Hey Scarah. Gee, what dont i want to know. how old you are and a blogish idea of what youve been doing previous to get where you are now....? not much just a life story i guess lol if im far from confident i would have the nouse for MBBS or even the staying power....what would be a good course/carrer move to test the waters?
 

scarah

Regular Member
okey doke - first of all can one of the mods possibly split this post because it's well and truly off topic?

CIMTC are you thinking of doing nursing instead of Med? Sounds like you're unsure if med's the right pathway for you?

In answer to your questions I'm 28, even nursing is a grad-entry degree for me. I had no idea where i wanted to go after school so I did Arts (psych), but Arts didn't really open any career opportunities I was interested. I though about continuing with psychology (honours and then post grad) but I started to realise it was actually the medical field that interested me. Medicine seemed like a daunting task in terms of getting in so I started nursing as a kind of back-up plan.

Now I've got into med I don't want to leave nursing unfinished because i do enjoy it, so I'm trying to defer my med places to start in 2009. I do really enjoy nursing, I think if I stayed in nursing I would be looking at specialisation in critical care or emergency.

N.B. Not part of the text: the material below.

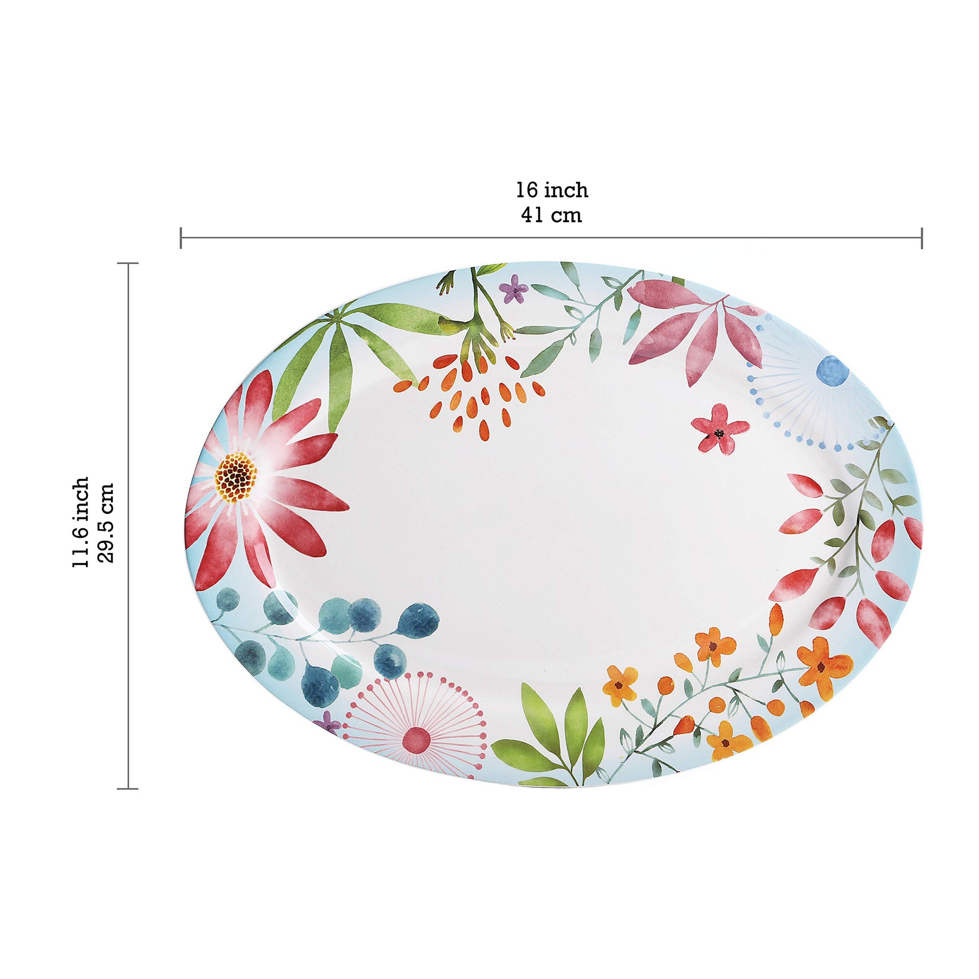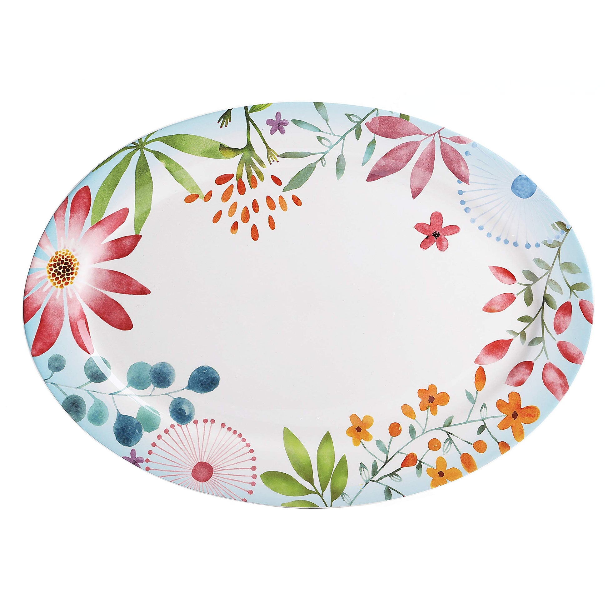 Bico Flower Carnival Ceramic 16 inch Oval Platter, Microwave & Dishwasher Safe

The great things about nursing:
1) patient contact, you get way more time with the patients than doctors do, you really get to know your patients and they tend to trust you and open up more to you than they do to the doctors, they also look to you for advice.
2) problem solving and medical issues - far from just carrying out doctors orders, the nursing role involves a lot of problem solving when patients' medical conditions change or problems arise. In some situations like Emerg the nurse makes a lot of triage decisions, in rural and remote the nurse can be the primary health care worker.
3) you're not the doctor - there's a lot of accountability being the doctor, and there is being the nurse too but sometimes when patients crash or things go wrong it's nice not to be doctor ^_^

The bad things
1) problem solving and medical knowledge - as much as the nurse does this, they don't have the scope for diagnosis, ordering diagnostic tests, prescribing medications etc. I want to do med because I am not satisfied leaving the diagnosis up to someone else - I want to be involved.
2) even despite your degree and training, a whole lot of your role will be about basic care (showering, toileting etc) this is important and it makes a world of difference to the patients, but it can get old.
3) shift work - nursing still rosters without any regard to research on sleep or shift work. Finishing at 10pm and starting again at 7am is common, night duty for a few nights here and there is also common.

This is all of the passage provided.